[RAW DATA Boundary: Start]

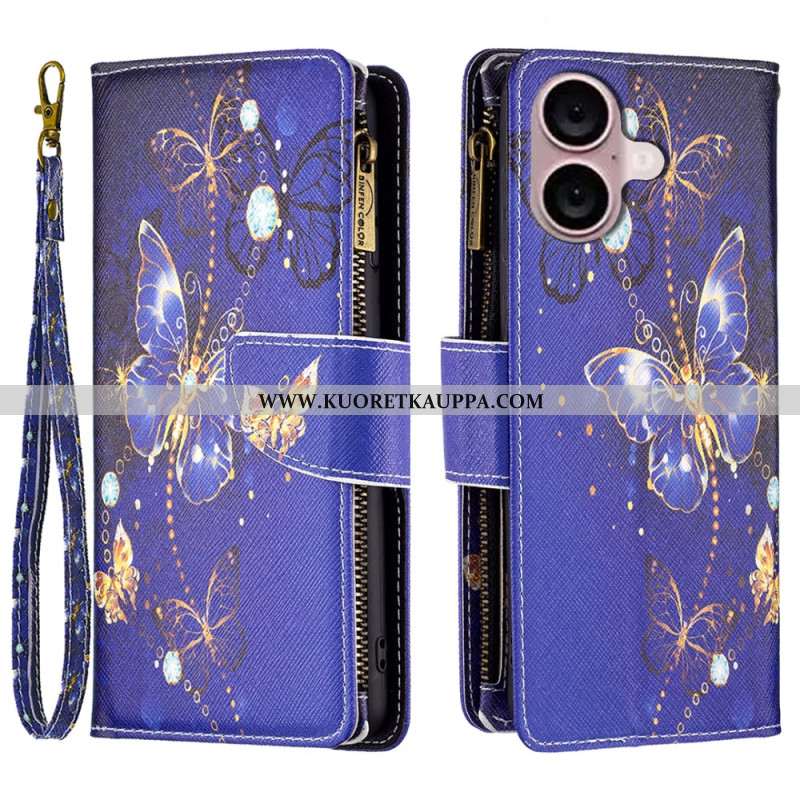 Kotelot iPhone 16 Plus Purple Butterflies -lompakko Hihnalla
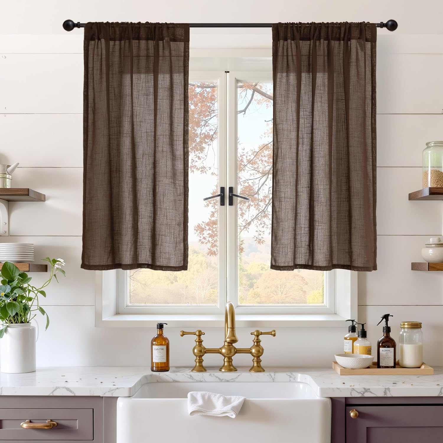 BGment Linen Short Curtains 40 Inch Length for Window, Brown Small Semi Sheer Drapes for Kitchen Cafe Over Sink Bathroom Decor Lightweight Country Textured Rod Pocket, 2 Panels Set, Each 30 Inch Wide
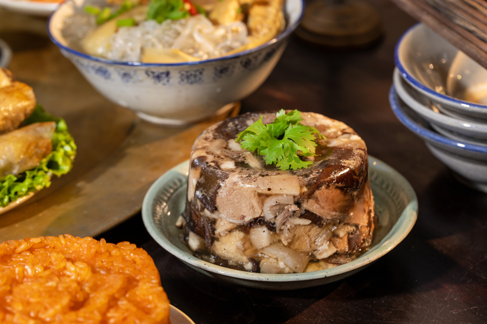 Traditional aspic is made from pork hock, pig’s ears, shiitake mushrooms, and wood ear mushrooms. In the cold weather of early spring, there’s nothing more delightful than enjoying aspic with pickled onions, a true Northern Tet delicacy.
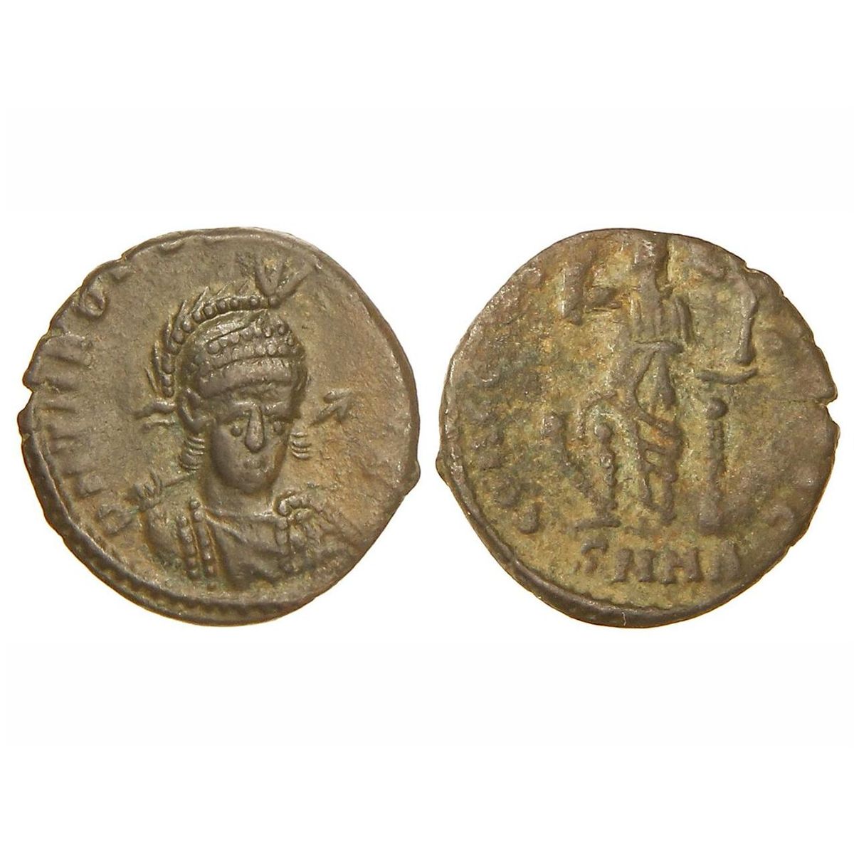 Centenional. - 408-450 d.C. - TEODOSIO II. - Rev.: CONCOR(DIA AVGG) SNMA. Constantinopla sentada de frente con lanza y Victoria. 2,40 grs. AE. Pátina oscura. S-25. MBC. - -
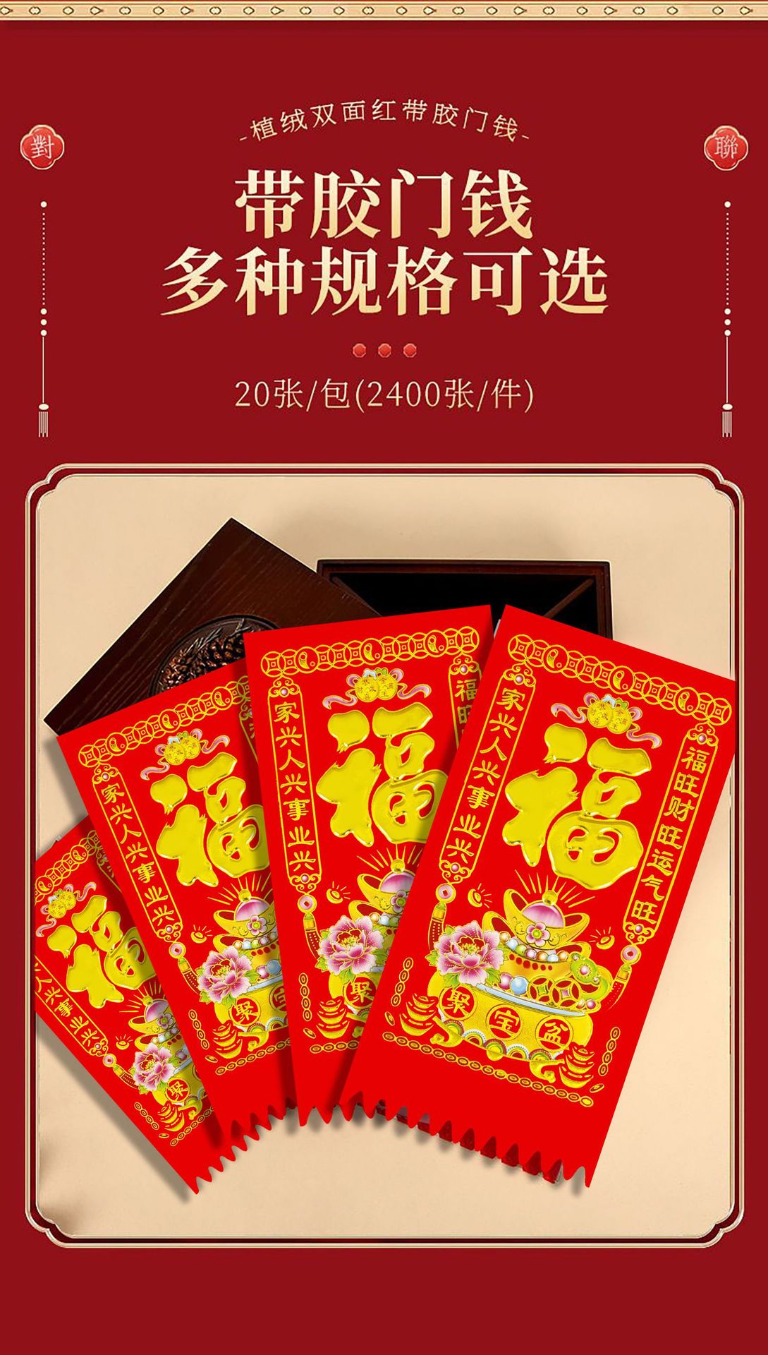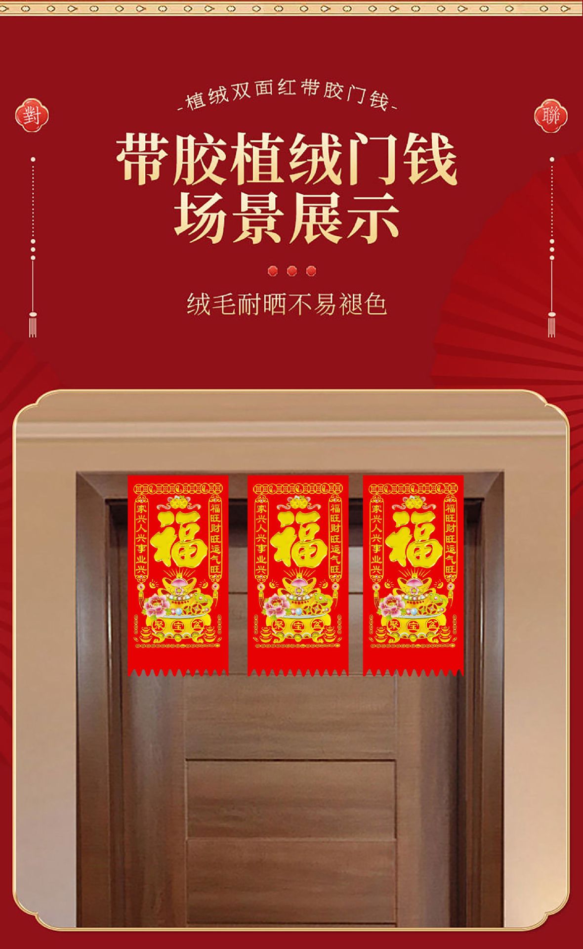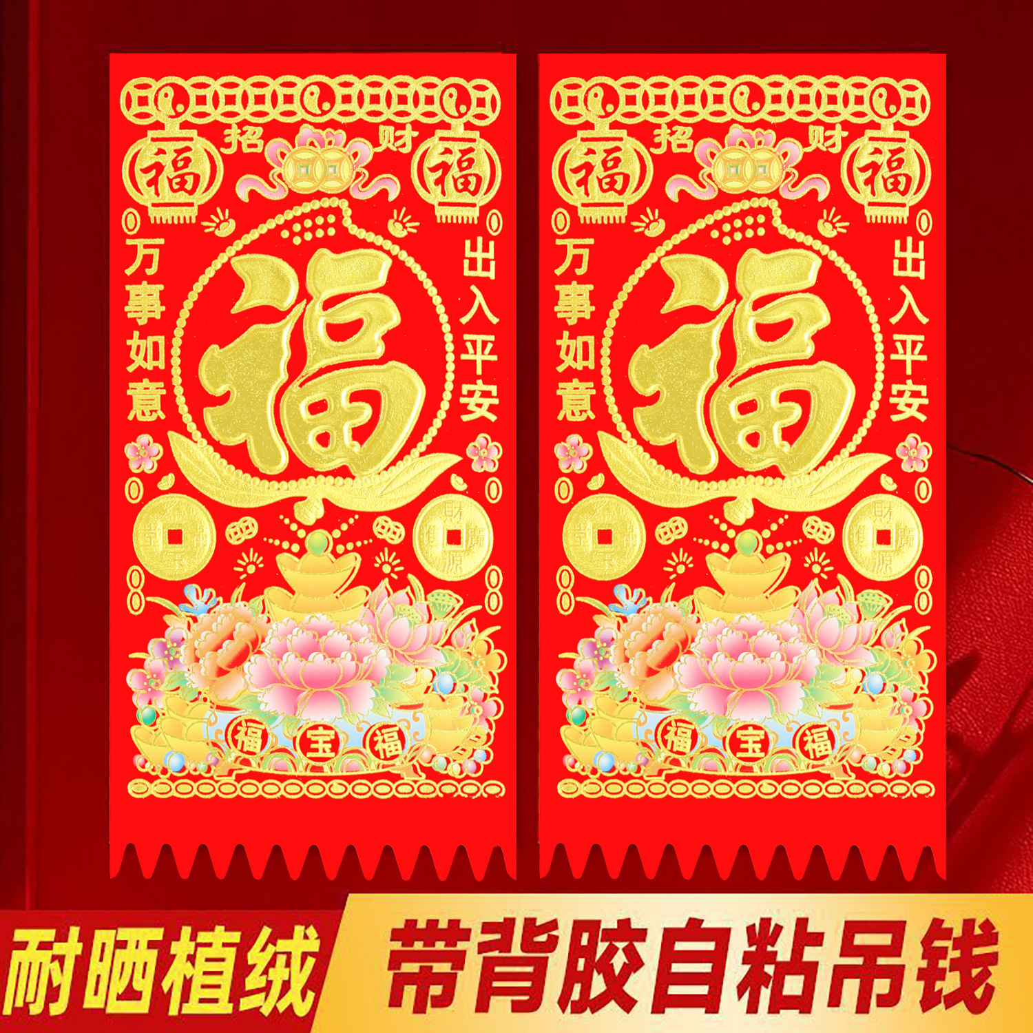 【自粘带背胶】2026新款植绒吊钱利是钱门贴挥春过年门钱挂钱春节

[RAW DATA Boundary: End]

• **TASK INSTRUCTIONS**:
What is needed is an exact repeat of every entry above, with the pictures left out.

• **RESULT**:
 Kotelot iPhone 16 Plus Purple Butterflies -lompakko Hihnalla
 BGment Linen Short Curtains 40 Inch Length for Window, Brown Small Semi Sheer Drapes for Kitchen Cafe Over Sink Bathroom Decor Lightweight Country Textured Rod Pocket, 2 Panels Set, Each 30 Inch Wide
 Traditional aspic is made from pork hock, pig’s ears, shiitake mushrooms, and wood ear mushrooms. In the cold weather of early spring, there’s nothing more delightful than enjoying aspic with pickled onions, a true Northern Tet delicacy.
 Centenional. - 408-450 d.C. - TEODOSIO II. - Rev.: CONCOR(DIA AVGG) SNMA. Constantinopla sentada de frente con lanza y Victoria. 2,40 grs. AE. Pátina oscura. S-25. MBC. - -
 【自粘带背胶】2026新款植绒吊钱利是钱门贴挥春过年门钱挂钱春节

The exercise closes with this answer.